Lenders are offering mortgages to buy-to-let landlords without requiring any minimum rental cover or proof of income, even though returns have sunk to record lows in the 10-year-old market.

Other lenders are offering buy-to-let mortgage loans of up to £20m to help people build up property empires, prompting fears of a bubble in the popular market.

Multi-million pound loans are being offered to people on modest salaries. Some lenders have begun to offer mortgages to people with poor credit histories, even considering those having just emerged from bankruptcy.

The relaxation of lending criteria comes as landlords struggle to cover their mortgage payments amid higher interest rates and rents that have lagged property prices in recent years.

Alex Potter, an analyst at Collins Stewart, said: “It is worrying that the market is becoming more disorderly just as we move towards the top of the property cycle. The case for buy-to-let has been made on low loans-to-value and solid rental cover. It is a concern that these are slipping and lenders are becoming more aggressive just as borrowers are dealing with interest rate rises and inflation surprises.”

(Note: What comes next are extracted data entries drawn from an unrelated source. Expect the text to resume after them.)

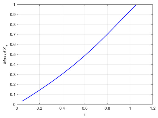 Figure 13 illustrates the highest variance in vs. . As can be seen from the graph, raising raises the maximum value of , while increasing raises the maximum value of to 1. As a result, the sliding mode controller’s stability region is established for . For , the controller is unable to maintain the microstructure’s stability.
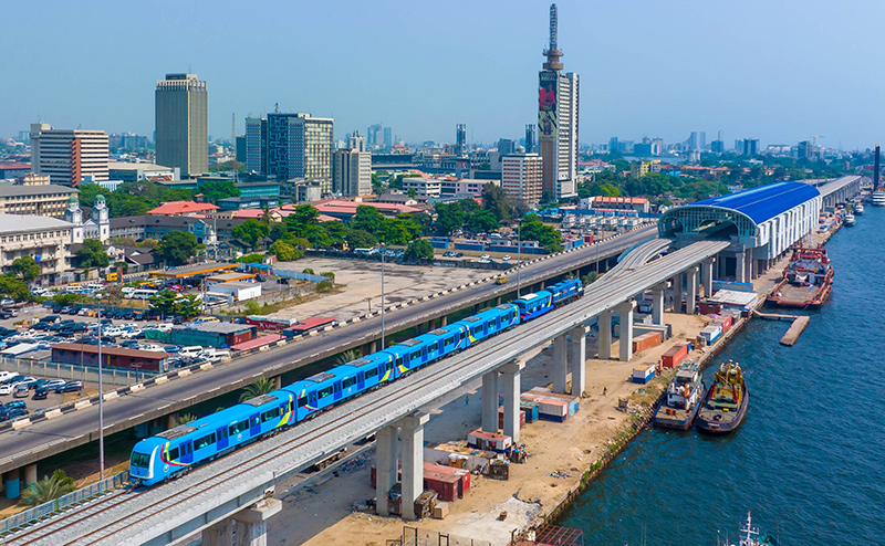 這是尼日利亞拉各斯輕軌藍線上的一列輕軌列車(2022年12月21日攝,無人機照片)。新華社發(托普·阿尤庫?攝)
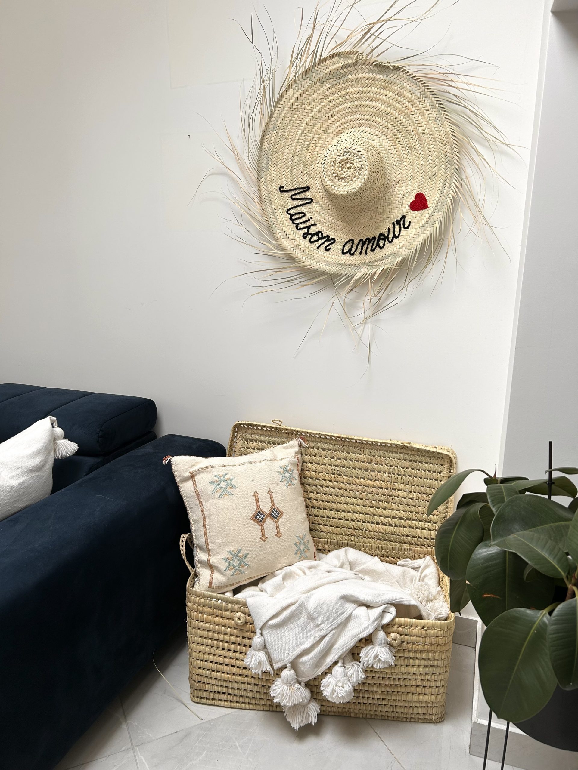 Apportez une touche bohème à votre intérieur avec notre grand chapeau en paille marocain, fait main et personnalisable !
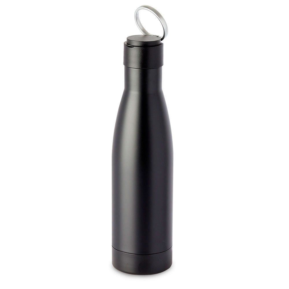 Garrafa térmica feita em inox 304 de parede dupla com capacidade de 500ml, tampa plástica com alça para transporte.
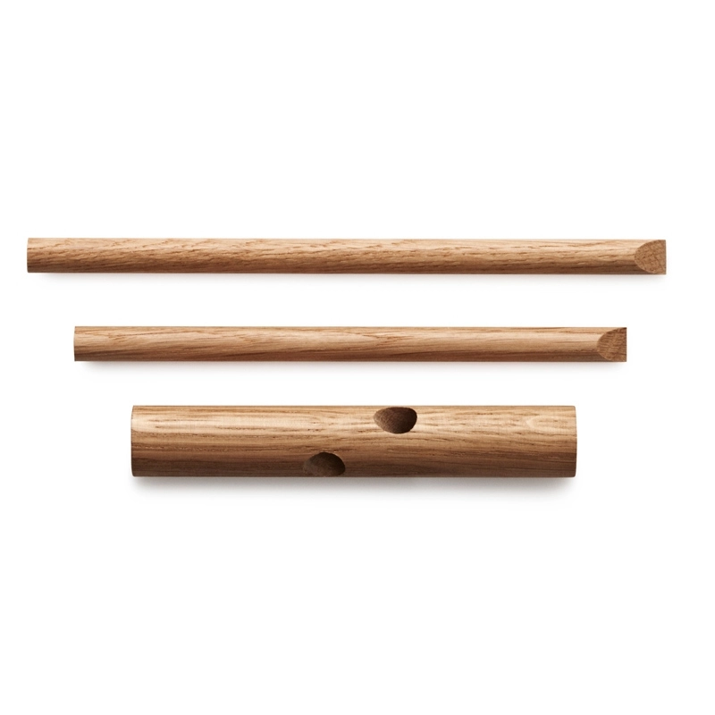 Sticks is a set of two wooden hooks designed by Belgian designer Benoît Deneufbourg and produced by Normann Copenhagen. A simple construction made of three sticks, this original coat rack, which is both practical and decorative, provides various options for hanging your clothes. The clean lines of the Sticks hook clearly reference architecture. Benoît Deneufbourg is fascinated by the triangular structure of roofs – the beams that, when they cross each other, form angles, shapes and space – and this is precisely what inspired the designer when he created Sticks. Discreet and practical, the Sticks hooks (sold in pairs) can be hung anywhere: in the entrance hall, in the kitchen to hang tea towels, or in the bedroom.
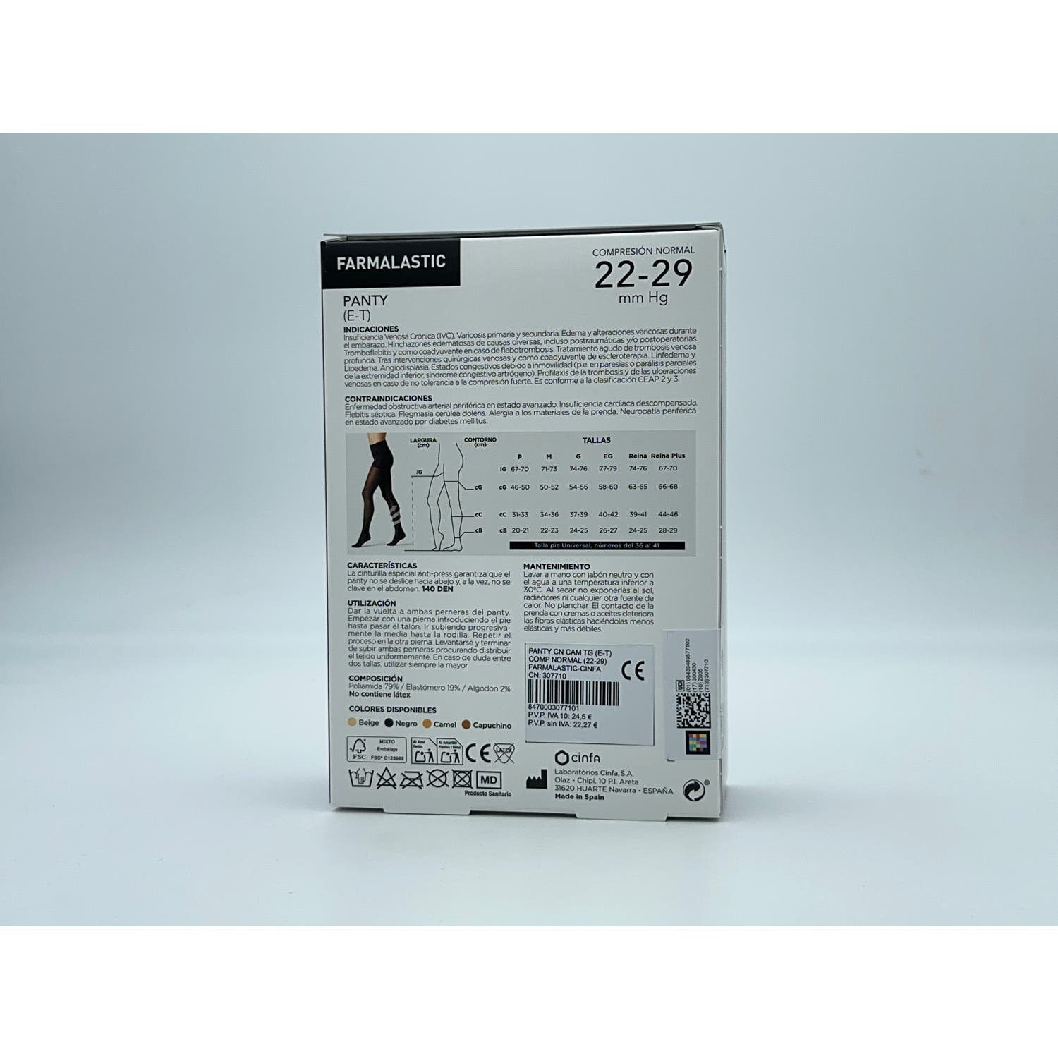 Farmalastic panty-media hasta la cintura (E-T) es ideal para aquellas personas con problemas circulatorios, varices, hinchazón o que por su trabajo permanecen de pie largos periodos de tiempo.

The average annual “net yield” on residential property – rent as a proportion of the building’s cost – is as low as 3.5 per cent.

Despite this, one lender, Bank of Ireland, last month lifted its ceiling on the amount of loans it will advance to any one landlord from £2.5m to £20m. The bank says this is aimed at the professional landlord with five properties or more.

Others such as Edeus will lend up to £10m, and Mortgage Express, part of Bradford & Bingley, has lifted its lending limit on property portfolios from £2m to £5m per customer. Woolwich will allow borrowers to build a portfolio up to £5m with loans on individual properties of up to £2.5m.

Lending rules are slackening because banks are facing greater competition – 20 new lenders have entered the mortgage market since 2004, many offering buy-to-let.

Borrowers took out a record 330,300 buy-to-let loans worth £38.4bn last year, up 57 per cent on 2005. Data from the Council of Mortgage Lenders show there were 849,000 outstanding buy-to-let mortgages worth £94.8bn at the end of 2006.

Many lenders have also broken previous rules that they would lend only if gross rent covered mortgage interest payments by 130 per cent. This aims to buffer landlords against periods when the property is unlet and to cover costs such as maintenance.

Lenders are now offering loans to landlords with only 100 per cent gross rental cover. Others like Cheltenham & Gloucester, part of Lloyds TSB, are prepared to lend on salary rather than on rental cover.